This would result in a process similar to the following:

Huskimo -> S3 -> SNS -> Snowplow Logfile Source (Including simple transformations)-> Snowplow Collector -> Snowplow Pipeline

I use Huskimo loosely because we found out the hard way that it is easiest to extract from third parties, save to text files, and send through the Snowplow pipeline through trackers because we can monitor bad rows without having to constantly re-deploy the extraction and loading scripts - or have DBA monitor. Going straight from third parties to Redshift turns out to cause the same problems as traditional ETL pipelines when managing more than 10 different datasources.

Currently we use our own version of Huskimo that we write on a vendor by vendor basis, transform any of the anomalies in the API format to a text file, read the text file, send the event to snowplow, and archive the file to S3. It is working great, as we can tune the scripts on a vendor by vendor basis, and we can allocate certain machine types to certain vendors based on the level of compute needed. But it feels like we can do better.

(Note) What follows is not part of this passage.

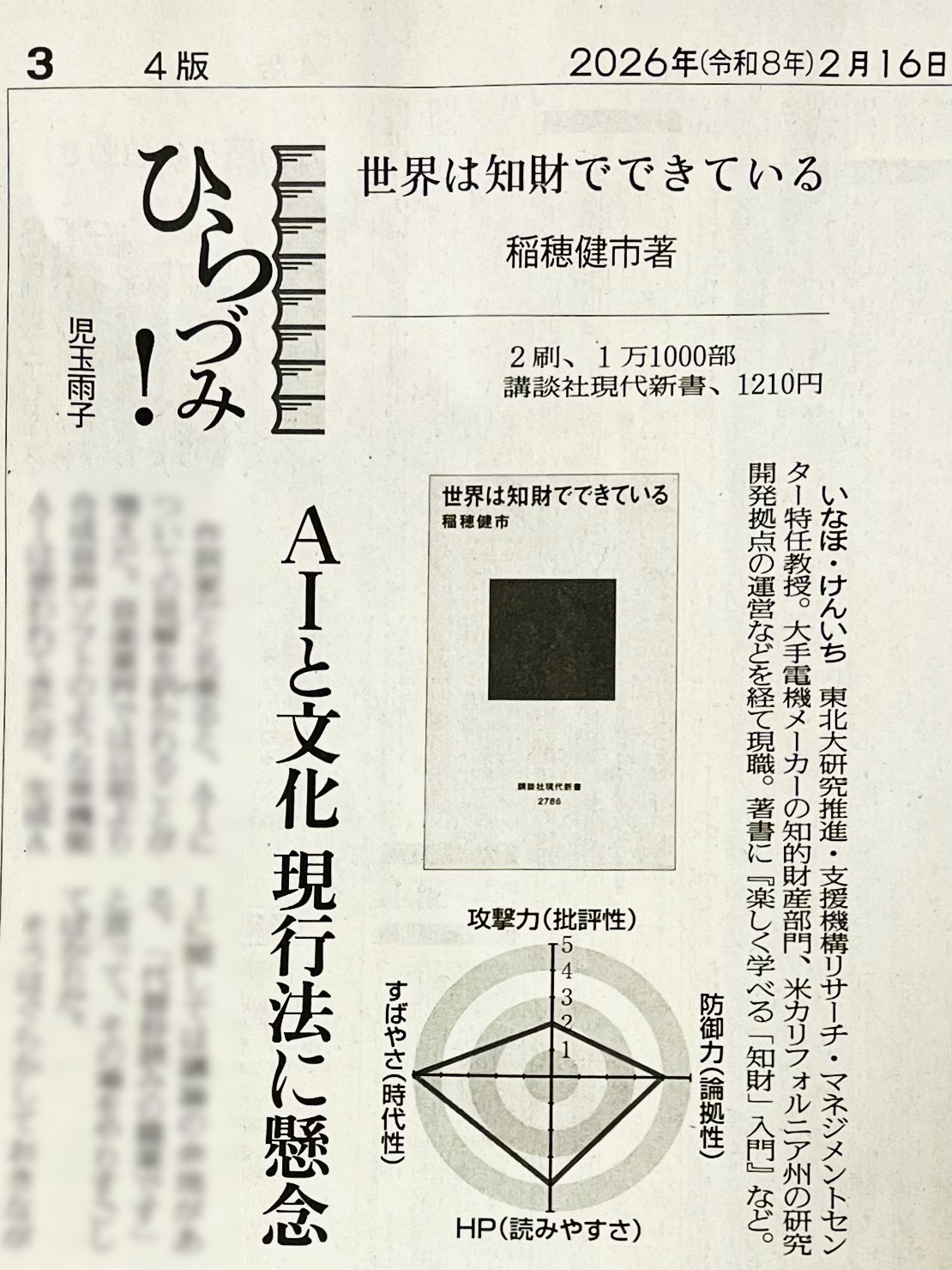 本日(2026年2月16日)の「読売新聞」夕刊の書評コラム「ひらづみ!」(3面)で

As far as processing logfiles twice, we handle that with deduplication scripts with StorageLoader. We started with a system to handle cursor position (with Redis) and found that it was way easier to manage deduplication in SQL. We compress and archive the logfiles after processing. If the script fails mid way through parsing, that log may get parsed twice.


#5

Hi @digitaltouch - thanks for the super-detailed thoughts! I think we are very much on the same page.

I believe that we could build off of what logstash has done with the syntax awareness of various log files (Apache Common, Apache Combined, etc) with relative ease, or we could build some sort of DSL that has predefined JSON schemas for each common log file (something similar to the csv-mapper project).

Definitely agree - it feels like we can probably do both. Fastest would probably be to ship the Logfile Source with some standard logfile formats but also support Lua scripting to support simple transformations.

We can take some inspiration from [Amazon Kinesis Agent] kinesis-agent too.

(Much) further down the line, it would be interesting as well for the Snowplow pipeline to be able to support schema inference for unknown logfile formats (similar to the [Sequence project] sequence-project).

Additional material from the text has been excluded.